Many lymphocytes and other cells in lymphoid tissue produce cytokines. These small secreted proteins control lymphocyte activity by binding to specific cytokine receptors on the surface of a lymphocyte and initiating a transcriptional program that allows the lymphocyte to either proliferate or differentiate into an effector cell ready to exert cytotoxic (cytotoxic T cells), helper (helper T cells), or antibody-secreting activity (B cells). Cytokines that are produced by or act primarily on leukocytes are called interleukins; at least 35 interleukins have been recognized and molecularly characterized. Each type of interleukin receptor has some structural similarity to the others; those interleukins whose structures are most closely related can be recognized by their cognate receptors. The interleukin-2 receptor is particularly well characterized. Interleukin 2 (IL-2), a T-cell growth factor, is one of the first cytokines produced when T cells are stimulated. IL-2 acts as an autocrine (self-acting) and paracrine (acting on neighboring cells) growth factor and drives clonal expansion of activated T cells.

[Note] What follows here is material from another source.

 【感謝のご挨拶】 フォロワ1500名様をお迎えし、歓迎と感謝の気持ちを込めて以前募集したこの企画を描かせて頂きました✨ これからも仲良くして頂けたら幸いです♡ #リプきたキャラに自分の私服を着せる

Interleukin 4 (IL-4), which is produced by helper T cells, induces activated B cells to proliferate and to undergo class-switch recombination and somatic hypermutation. Interleukin 7 (IL-7), produced by stromal cells in the bone marrow, is essential for development of T and B cells. Both IL-7 and IL-15 play a role in the maintenance of memory cells, which are antigen-experienced T cells that may be called upon when re-exposure to antigen occurs. These memory cells then rapidly proliferate and deal with the re-invading pathogens. The receptors for IL-2, IL-4, IL-7, and IL-15 all rely on a common subunit for signal transduction, the common γ chain (γc), with α (IL-2, IL-15) and β subunits (IL-2, IL-4, IL-7, IL-15) providing ligand specificity. Genetic defects in the γc result in nearly complete failure of lymphocyte development, illustrating the importance of these cytokines not only during the effector phase of an immune response, but also in the course of lymphocyte development, where IL-7 in particular plays a key role.
The mechanism of signal transduction by cytokine receptors through the JAK/STAT pathway is described in Chapter 16 (reviewed in Figure 16-1). Among the many genes under the control of interleukins and the STAT pathway are those that encode suppressors of cytokine signaling, or SOCS proteins. These proteins, which are themselves induced by cytokines, bind to the activated form of JAKs and target them for proteasomal degradation (see Figure 16-13b).